First, we want boundaries, and the VPC is the top-level boundary that AWS provides. You can segment networks to isolate environments and scope data into sensitive and non-sensitive areas. There should be only one way in to manage hosts in a VPC, via something like a bastion host or a VPN. It’s also worth trying out AWS Systems Manager Session Manager, a managed service that uses IAM credentials rather than SSH to authenticate.
- Everything is deployed inside a VPC
- Flow logs are enabled and monitored
- Everything has a security group attached
- Any security group that allows access from 0.0.0.0/0 (any host on the Internet) has a detailed description and justification (perhaps using tags)
Encryption is difficult, and we should avoid implementing it whenever possible. Our choices can both reduce our efforts and make us safer! AWS provides some rich encryption capabilities, including KMS for key management, which should be our default. All keys should originate in KMS, and you can then attach a given key to database instances and anywhere else you need encryption.
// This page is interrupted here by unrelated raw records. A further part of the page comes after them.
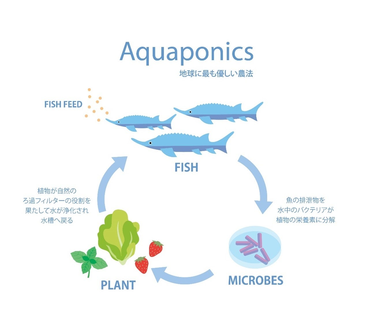 お魚を育て、その魚の排泄物をバイオの力で肥料に変えて野菜を育てる「アクアポニックス」農法は、循環型社会において大変優れたシステムです。この循環の中から肥料成分を液肥として抽出することができればアクアポニックスの更なる可能性を広げられるのではないかと当社は考えています。
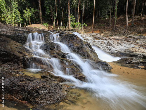 Fototapeta premium Waterfall found in tropical rainforest in malaysia
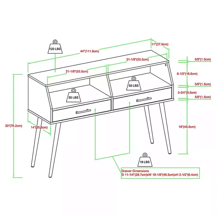 - Table measures 44L x 14W x 30H in.
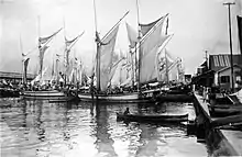In the 18th century, Bugis people sailed a type of perahu similar with patorani. The hull is from pajala type, the rig is using a canted triangular sail in a tripod mast, with weight less than 50 tons. Many of them can bee seen in Australian beach collecting teripang between 1800–1840.[5] In 1880, a boat dubbed "Bugis prahu" seems to have been the prototype of palari hull. It was a midway development to palari, with western-styled deck but with traditional (indigenous) stern (the ambeng stern). A bowsprit and jibsail has been added, but it's still using a tanja sail on a single tripod mast. There was no cabin at the stern.[6]
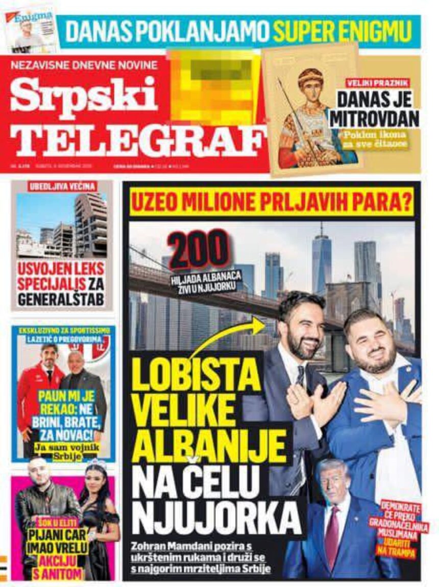The Serbian outlet “Telegraf” has described Zohran Mamdani, the newly elected Mayor of New York, as a “lobbyist for Greater Albania” after a photograph surfaced showing him making the Albanian double-headed eagle hand gesture — a traditional symbol of Albanian identity and unity.
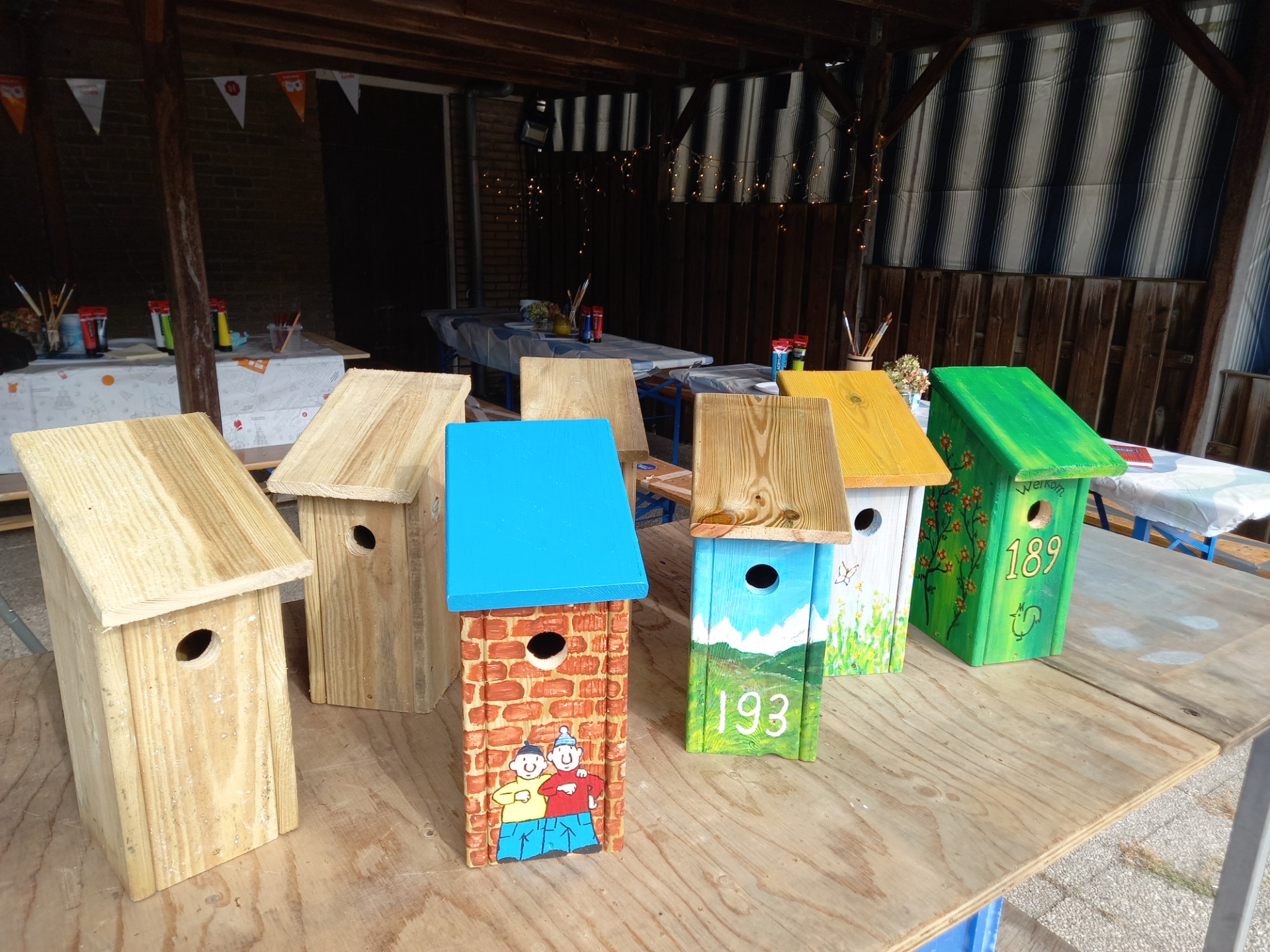 Je pimpt een nestkastje naar eigen idee. Er zijn ook voldoende voorbeelden aanwezig. Voor nestkastjes en verfmateriaal wordt gezorgd.
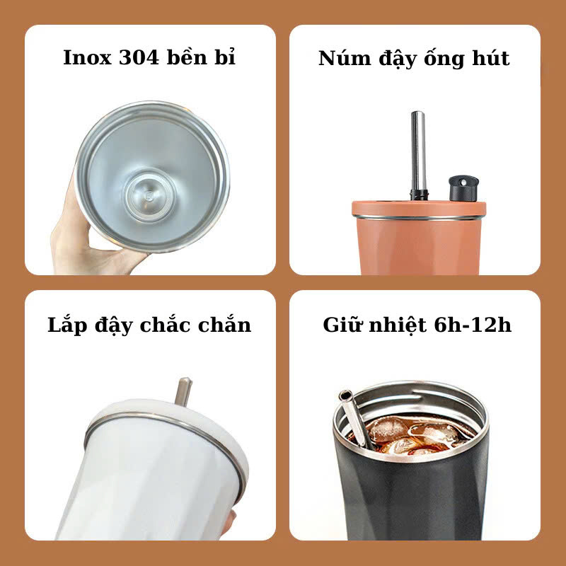Thông số kỹ thuật Ly Giữ Nhiệt Phong Cách Trẻ Trung, Chất Liệu Inox304, Giữ Nóng Lạnh, Kèm Ống Hút , Có Nắp Đậy Và Ron Cao Su Chống Tràn , Chống Đổ - Hàng chính hãng

Use KMS for everything you can! You can’t use KMS for literally everything—for example KMS has a limit of 4kb per message, so it’s not about encrypting large documents—but it allows you to generate encryption keys. This means some cryptography may find its way into your own code if you have specialized needs beyond the default stance of “attach a KMS key directly to an AWS service.”
- All master keys / key encryption keys are stored with KMS
- All KMS keys have the rotation option enabled
- All AWS services that store data should use KMS
- Data encryption keys are generated using KMS master keys and stored encrypted
While we all do our best to make good security choices, it’s best to have someone or something else checking our work. Getting things to 100% is hard, but there are some great tools out there for improving our AWS account’s security. In the open-source world, you might try running ScoutSuite and seeing what you find. You might find something surprising!
CloudTrail and CloudWatch are an absolute necessity for security—definitely enable CloudTrail for active regions (or even all regions), and set up CloudWatch alerts that trigger on big-ticket items. Enable activity logging and create actionable responses to potentially-bad actions—things like logging into the root account, creating users, adding administrative roles, too many KMS decrypt events, etc. These kinds of actions should trigger alerts in tools like Slack, PagerDuty, VictorOps, etc. AWS’s GuardDuty service can be really helpful here in monitoring for malicious activity and taking action.
- Configuration analysis is performed at least daily, if not for every change
- CloudTrail is enabled for all active regions (or for all regions!)
- CloudWatch metrics and alarms are implemented for major violation cases
- GuardDuty is enabled
Automation is great, like we talked about earlier. Because our infrastructure is defined in code, we can hook auditing up into a continuous integration pipeline. Many software developers are familiar with using continuous integration for testing and packaging purposes, and using it for security and infrastructure is a great idea too.
Similarly to other CI usage, you can implement checks and controls for pull requests and require them to pass before deploying or merging code. You can create sign-off policies that run automatically in the pull request flow, to increase feedback and flow, in keeping with the DevOps ethos.
- All infrastructure changes trigger configuration audits
- Critical issues found in CI trigger an immediate response
- Use the CI pipeline to create a sign-off process that allows teams to move faster
The security benefits of being on cloud providers like AWS are massive, and you can get a lot out of defining your infrastructure as data in these ways. Even in regulated and highly compliance-oriented environments, working well in this ecosystem can help us to move fast without breaking things.
Hopefully these insights and checklists will be as useful for you as they have been for us!